## Requirement
Go to the line below that has "印判 七宝紋に短冊の図 豆皿", print it and each line after it exactly, and stop after the line that has "(서울=포커스뉴스) 좋은 대한민국"; leave out pictures.

(Material to process begins)

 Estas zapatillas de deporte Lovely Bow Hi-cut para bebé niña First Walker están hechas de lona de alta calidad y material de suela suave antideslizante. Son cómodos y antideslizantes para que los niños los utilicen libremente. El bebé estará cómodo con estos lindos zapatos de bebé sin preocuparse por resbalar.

(Material to process ends)
(Material to process begins)

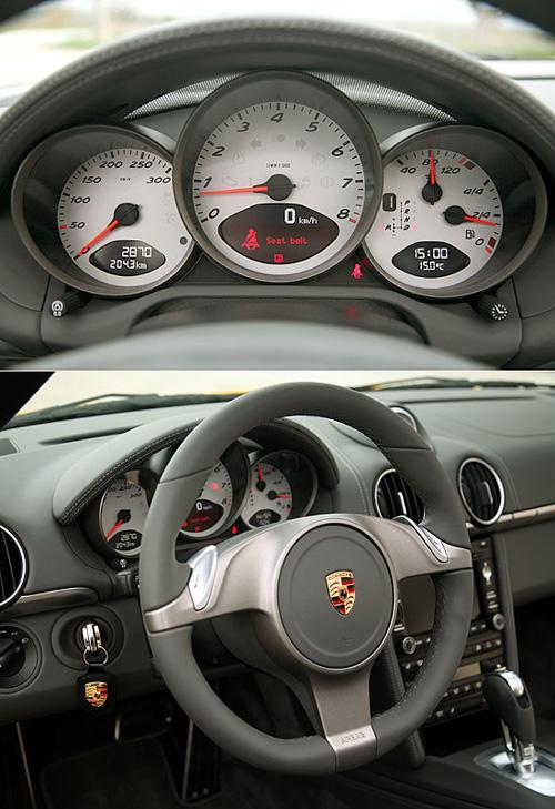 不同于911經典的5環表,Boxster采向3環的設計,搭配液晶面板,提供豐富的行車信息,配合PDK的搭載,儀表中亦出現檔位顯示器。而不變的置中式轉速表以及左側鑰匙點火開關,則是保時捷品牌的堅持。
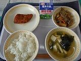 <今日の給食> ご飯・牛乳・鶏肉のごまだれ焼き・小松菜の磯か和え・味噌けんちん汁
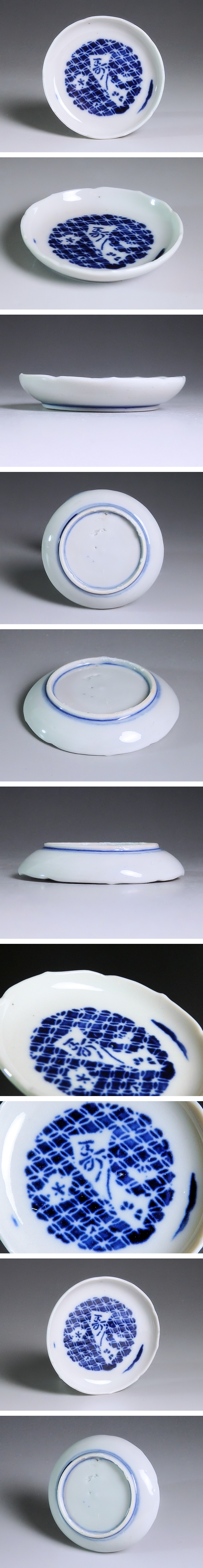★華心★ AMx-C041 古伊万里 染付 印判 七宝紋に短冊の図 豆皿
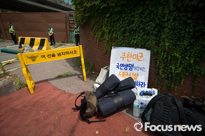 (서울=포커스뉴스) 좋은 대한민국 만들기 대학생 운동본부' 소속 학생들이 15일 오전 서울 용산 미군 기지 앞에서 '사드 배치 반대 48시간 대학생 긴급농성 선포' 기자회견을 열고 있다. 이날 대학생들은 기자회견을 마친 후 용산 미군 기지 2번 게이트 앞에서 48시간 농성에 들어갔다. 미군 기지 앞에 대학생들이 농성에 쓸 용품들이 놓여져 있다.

(Material to process ends)
(Material to process begins)

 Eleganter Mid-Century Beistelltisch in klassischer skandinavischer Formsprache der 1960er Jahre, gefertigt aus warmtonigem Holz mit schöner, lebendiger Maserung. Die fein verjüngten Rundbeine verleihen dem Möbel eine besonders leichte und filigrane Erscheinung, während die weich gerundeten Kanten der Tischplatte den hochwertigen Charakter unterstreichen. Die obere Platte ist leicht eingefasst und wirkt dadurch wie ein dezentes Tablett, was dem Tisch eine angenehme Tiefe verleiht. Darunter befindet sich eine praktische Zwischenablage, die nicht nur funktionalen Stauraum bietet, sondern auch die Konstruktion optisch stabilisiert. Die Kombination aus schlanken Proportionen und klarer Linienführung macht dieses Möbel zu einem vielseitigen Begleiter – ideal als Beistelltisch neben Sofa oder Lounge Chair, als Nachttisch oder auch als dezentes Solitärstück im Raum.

(Material to process ends)

## Task solution
★華心★ AMx-C041 古伊万里 染付 印判 七宝紋に短冊の図 豆皿
 (서울=포커스뉴스) 좋은 대한민국 만들기 대학생 운동본부' 소속 학생들이 15일 오전 서울 용산 미군 기지 앞에서 '사드 배치 반대 48시간 대학생 긴급농성 선포' 기자회견을 열고 있다. 이날 대학생들은 기자회견을 마친 후 용산 미군 기지 2번 게이트 앞에서 48시간 농성에 들어갔다. 미군 기지 앞에 대학생들이 농성에 쓸 용품들이 놓여져 있다.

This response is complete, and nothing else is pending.